Wednesday, October 26, 2016

Leo Strauss on C.S. Lewis

I have on several occasions in the past mentioned that C.S. Lewis’s short and elegant book on moral philosophy, The Abolition of Man, could be read as a preface to Leo Strauss’s much more dense Natural Right and History, and further wondered whether these roughly contemporary thinkers were ever aware of one another, despite being in different academic disciplines and in different countries.

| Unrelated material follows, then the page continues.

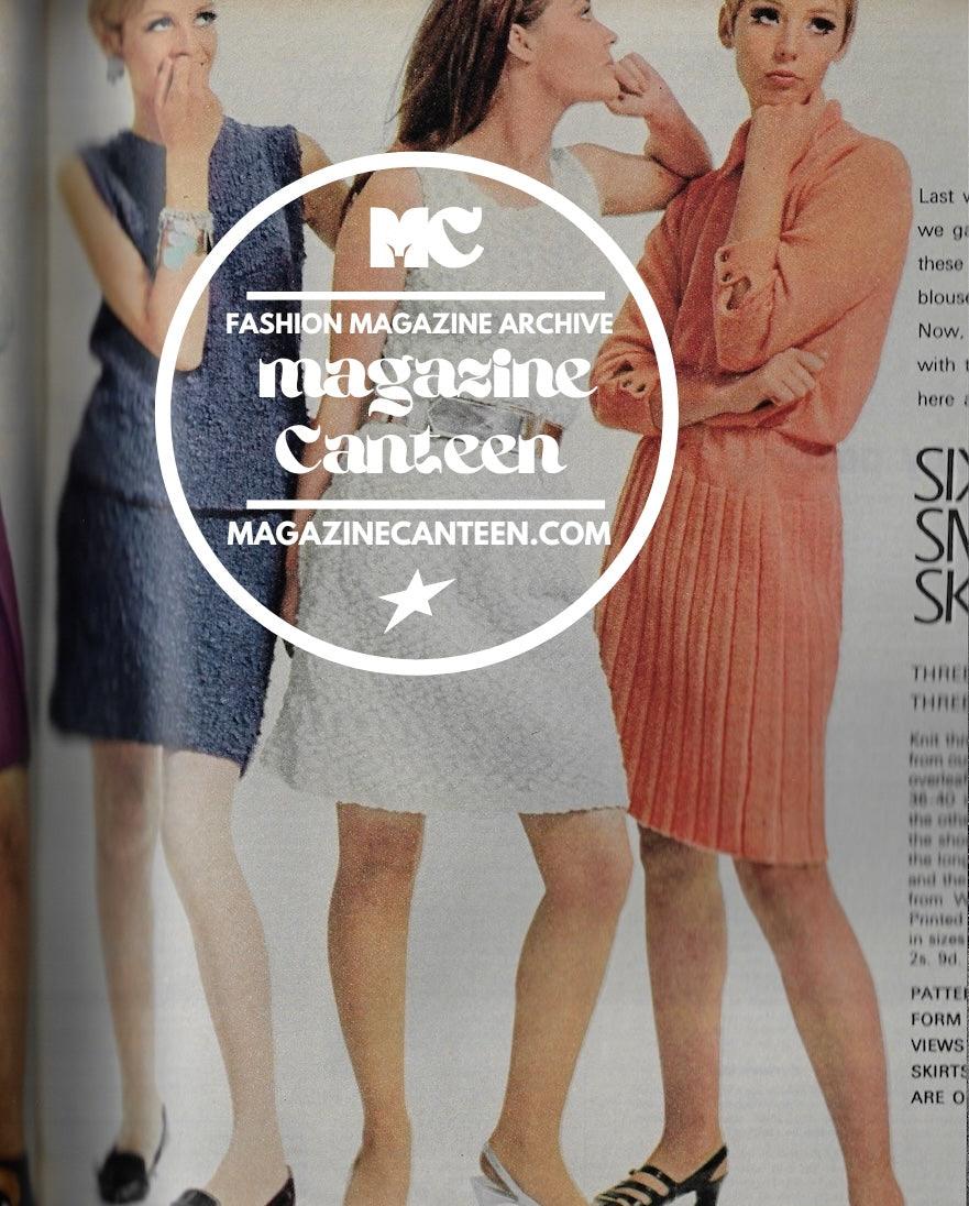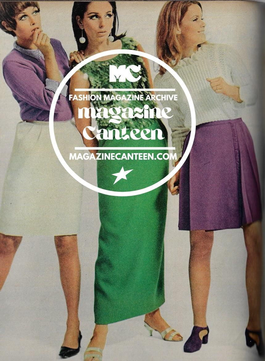 Six smart skirts - 2 pages of fashion with 6 standing models. We are quite sure Twiggy is one of the models, with her hand over her mouth
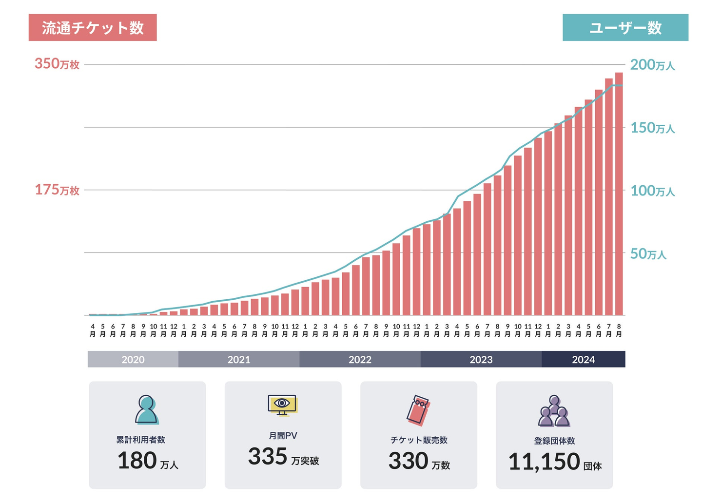 おかげさまで2024年8月時点で、累計チケット販売数が330万枚、総公演登録数が5万公演を突破。チケット流通総額は21億円となりました。累計利用者数は180万人を超え、10,000を超えるイベント主催者さまに登録いただいています。

Clifford Angel Bates, a pal of mine at the University of Warsaw, passed along this interesting paragraph, taken from page 143 of the transcript of Leo Strauss’s 1962 class on Rousseau at the University of Chicago:
May I mention one point? We don’t have time to read it here: there is a book, or rather a series of lectures by C.S. Lewis, the English author, The Abolition of Man, which is worth reading from every point of view. It is his criticism of social science positivism.... And he calls these men here, in the first lecture, “men without chests,” meaning they admit bodily desires, and they admit reasoning, in a way: namely, how to get the objects of bodily desires. The other things, the values, as they are called, are merely subjective. In other words, there is a lower part of the body, stomach and below, and there is a brain; but there is nothing in between. There is no heart. This is not a bad description of this view of man. I recommend it to your reading. C.S. Lewis, The Abolition of Man, New York, 1959.
The original publication of the book was in 1943.